Die Weide ist von dem Bahnhofsgleis durch einen Zaun getrennt.
Fürst, der für unkonventionelle Problemlösungen bekannt war, hatte Pümbel schon bei der Beratung gefragt: „Haben Sie eigentlich einen Schäferhund?“ Der Schäfer hatte den Kopf geschüttelt: „Seit mein Cäsar gestorben ist, habe ich keinen wieder angeschafft. Es geht doch auch so.“
Ein paar Tage später kam Genoveva auf die Weide. „Ich wollte mir Ihre Schafe mal ansehen“, begann sie, als sie durch die große Tür des Schafstalls trat. „Ach wie süß!“, rief sie und stürzte sich auf ein weißes Lamm in der Herde, das erst einen kleinen Sprung zur Seite machte, sich dann aber willig streicheln ließ. „Wie heißt es denn?“
„342“, sagte Pümbel. „Ich nummeriere sie einfach durch. Dann fällt mir das Abgeben zum Schlachten nicht so schwer.“ Genoveva war enttäuscht. „Ich esse nie wieder Lamm“, versprach sie. „Aber Wollpullis tragen Sie doch noch?“, fragte Pümbel vorsichtig. „Ja klar, die Wolle wächst ja nach“, sagte sie. „Übrigens, wie hieß gleich wieder Ihr Hund damals?“ – Cäsar“, sagte der Schäfer. „Da fällt mir was ein. Neulich habe ich in Etwashausen eine alte Dame getroffen, die führte ihren Hund spazieren. Wissen Sie, wie der hieß? Caligula“, gab sie sich gleich selber die Antwort. „Das ist bestimmt ein Nachkomme von Cäsar“, meinte Pümbel.

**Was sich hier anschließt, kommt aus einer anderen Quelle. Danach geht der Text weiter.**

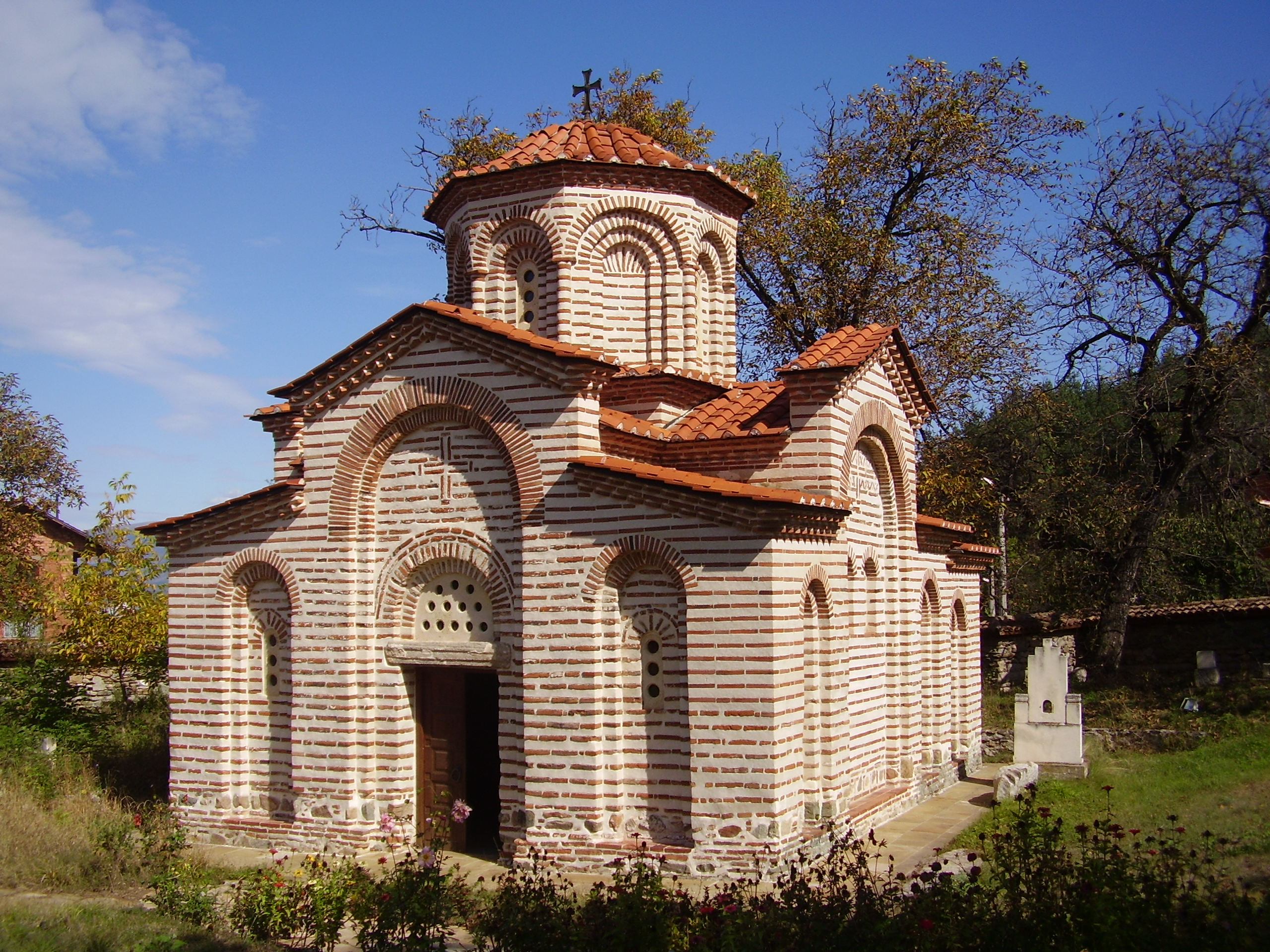 Church "Saint George" in Kyustendil, Bulgaria
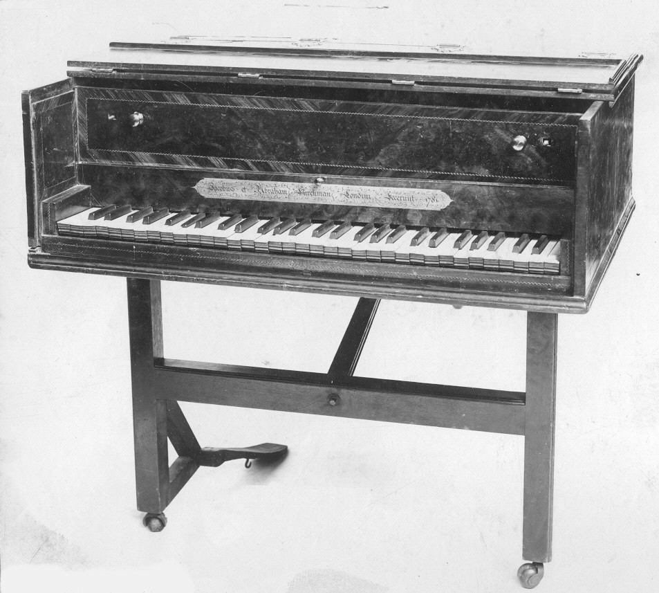 British; Harpsichord; Chordophone-Zither-plucked-harpsichord

Vor einigen Jahren sei er mit seinem Hund mal in der Stadt gewesen, und da sei er mit einer Besitzerin der Schäferhündin ins Gespräch gekommen und so weiter. Jedenfalls habe es am Ende ein paar Welpen gegeben, die alle römische Namen bekommen hätten.
Genoveva sah ihn aus dem Augenwinkel an. „Die alte Dame klagte übrigens, dass es ihr langsam zu viel werde, den großen Hund immer ausführen zu müssen…“
Schäfer Pümbel hatte verstanden. „Ehrlich gesagt, ich habe auch schon darüber nachgedacht, mir wieder einen Hund zuzulegen“, gestand er. „Wie heißt die Dame?“ Genoveva sagte ihm zu, die beiden miteinander bekannt zu machen, und so kam Caligula zu Pümbel. Die beiden verstanden sich auf Anhieb. Der Schäfer trainierte den Hund, aber er merkte gleich, dass der seine Aufgabe gewissermaßen im Blut hatte.

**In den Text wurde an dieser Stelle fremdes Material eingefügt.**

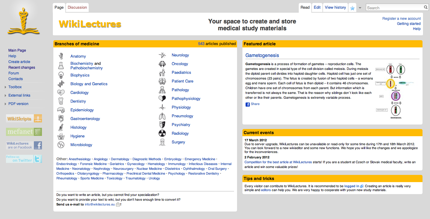 Study materials for medical students
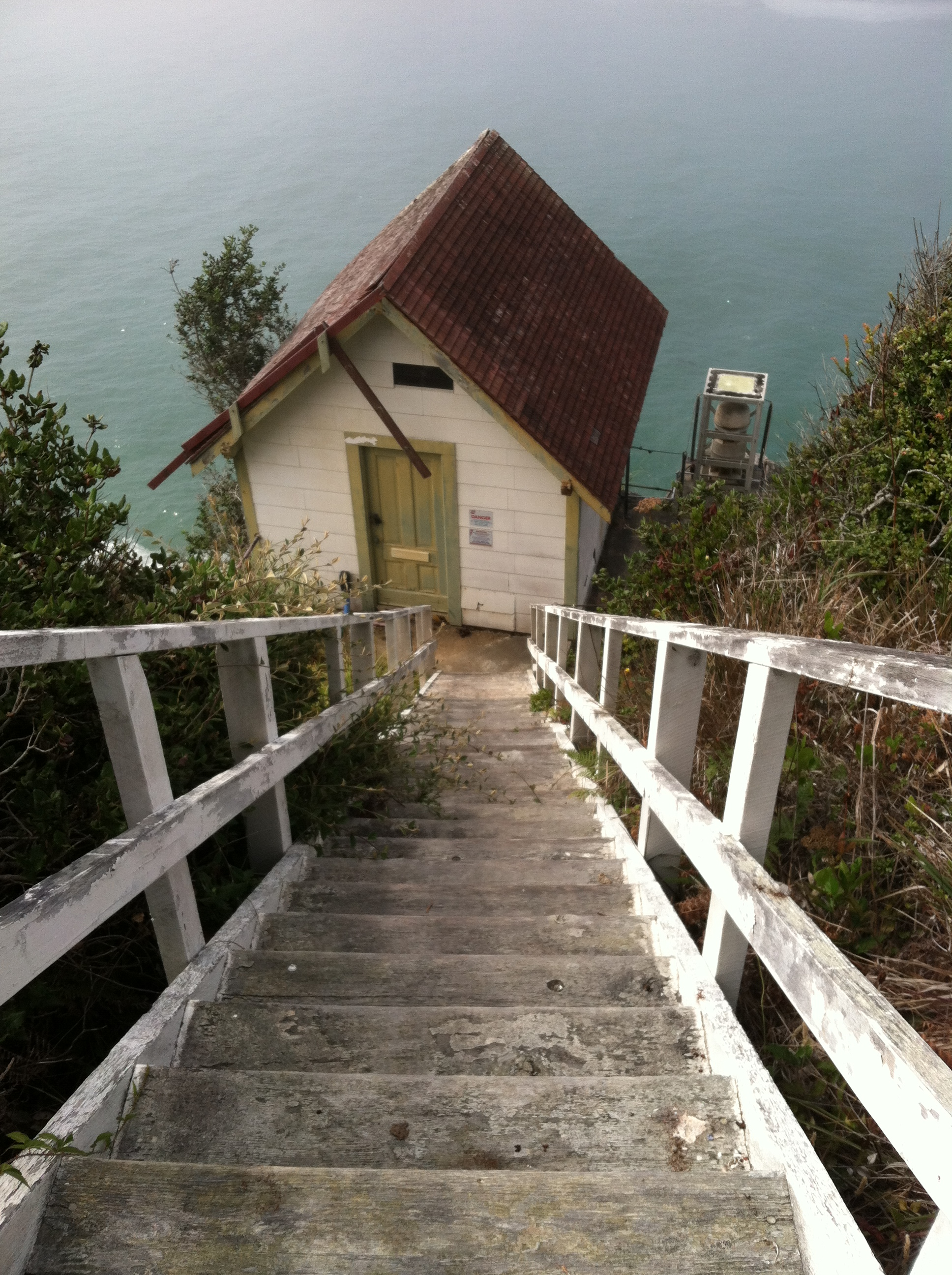 image of steps going down to the historic bell house, the current location of the fog signal

Pümbel hatte mit Fürst gesprochen, dieser hatte Neuerburg gebeten, sich bei seinen Vorgesetzten für den Schäfer einzusetzen, und bald erhielt der Anwalt ein Schreiben von der Bahndirektion, in der sie sich bereiterklärte, versuchsweise den Schäferhund als zusätzliche Sicherheit dafür zu akzeptieren, dass kein Schaf auf das Gewerbegleis läuft. Weitere Schritte behielt sich die Bahn allerdings vor. „Das kannst du vergessen“, sagte Fürst, als er Pümbel das Schreiben übergab. „Die wollen doch nur nicht ihr Gesicht verlieren.“
Caligula (oben) passt schön auf, dass kein Schaf den Zugverkehr stört. Und alle sind zufrieden.